Несколько минут Франческо де Леоне смотрел на труп мучителя, стараясь понять, принесла ли ему эта казнь удовольствие. Ни малейшего, только мимолетное облегчение. Один зверь умер, но его место займут другие, Леоне в этом не сомневался.
Леоне взял свой бокал с одного из маленьких итальянских столиков и переставил его на каминную полку. Второй бокал разбился, когда падал Флорен, и фиолетовое вино смешалось с карминовой кровью. Леоне нагнулся и снял роскошные кольца, украшавшие пальцы инквизитора. Затем он пнул ногой оба кресла, упавшие набок. Наконец, он расстегнул ночную рубашку и снял ее с инквизитора. Таким образом, все подумают о галантном свидании с плохим концом или о кровавом ограблении.

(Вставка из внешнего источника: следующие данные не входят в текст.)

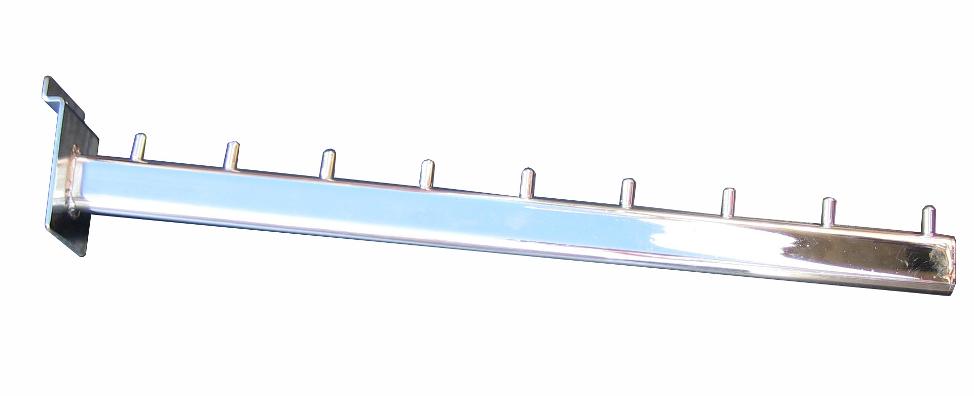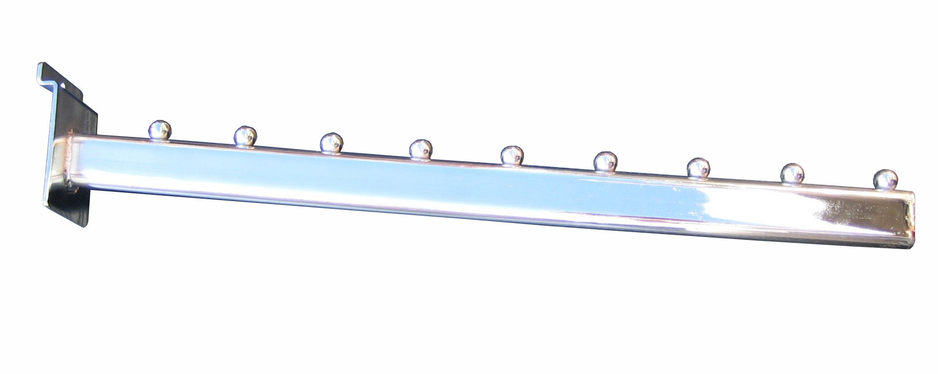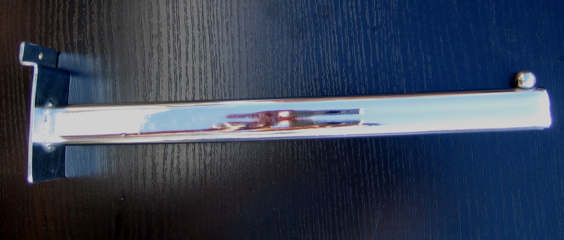 Slatwall pochrómovaný jednoduchý háčik 20cm | Slatwall pochrómovaný jednoduchý háčik 25cm | Chromové rovné rameno 30cm s jednou guličkou |
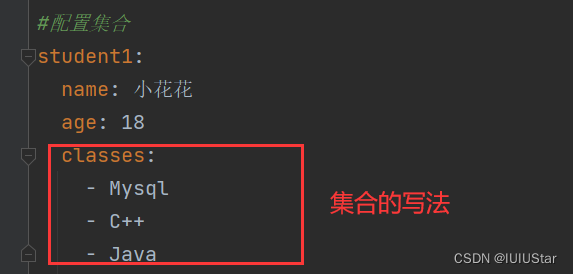 (5)配置集合并读取:和上面获取对象的方式一致,在,yml文件中集合的形式是:-加空格后面写具体内容。

Леоне еще раз взглянул на созданную им мизансцену, потом снял сюрко, запачканный кровью, бросил его в камин и вышел на улицу, погруженную во тьму.
Бог рассудит.
Что касается людей, то рыцарь надеялся на их желчные языки, наконец освобожденные от ужаса, который внушал им инквизитор, и на их потребность взять реванш.
Бог рассудит.
Женское аббатство Клэре, Перш,
ноябрь 1304 года
Сидя за столом, установленном на помосте, откуда была видна вся трапезная, Элевсия разглядывала сестер, расположившихся за двумя длинными досками, лежавшими параллельно на козлах. Их освещало колеблющееся пламя смолистых факелов.
Обычно просторный зал был наполнен шепотом, правда, неуместным, поскольку трапезы должны были проходить в полном молчании. Обычно раздавались приглушенные смешки, из-за чего аббатисе приходилось призывать сестер к порядку. Обычно рядом с аббатисой сидели благочинная, экономка и ризничная. Но Бланш де Блино не покидала обогревальни, а Гедвига дю Тиле была мертва. Оставалась Берта де Маршьен. С нее слетело прежнее высокомерие, и теперь она походила на ту, кем была по сути: на стареющую чувствительную женщину.
Элевсия де Бофор попросила Аннелету Бопре занять ставшее теперь свободным место Гедвиги, чтобы лишний раз не пробуждать тягостных воспоминаний у ее духовных дочерей, но сестра-больничная отвергла это предложение. Ей было удобнее следить за реакцией каждой из сестер со своего места в конце стола. К тому же она была уверена, что, заняв место, не соответствовавшее ее положению, она вызовет у убийцы беспокойство.
Аннелета Бопре не сводила глаз с Женевьевы Фурнье. Лицо сестры — хранительницы садков и птичника было мертвенно-бледным. Ее огромные карие глаза с фиолетовыми, почти черными кругами свидетельствовали о том, что Женевьева плохо спит и почти ничего не ест. Действительно, после смерти Гедвиги дю Тиле она так почти ничего и не съела. Столь упорный пост, который связывали с симпатией, объединявшей двух молодых женщин, заинтриговал больничную. Разумеется, женщины хорошо ладили, впрочем, как и прочие, но все же не до такой степени, чтобы изводить себя голодом. Аннелета переводила взгляд с одной сестры на другую. У нее кольнуло в сердце, когда она увидела осенние цветы, лежащие на осиротевшем месте Аделаиды Кондо и на по-прежнему свободном месте Жанны д’Амблен. Жанне было лучше, но из-за слабости она все еще не могла встать.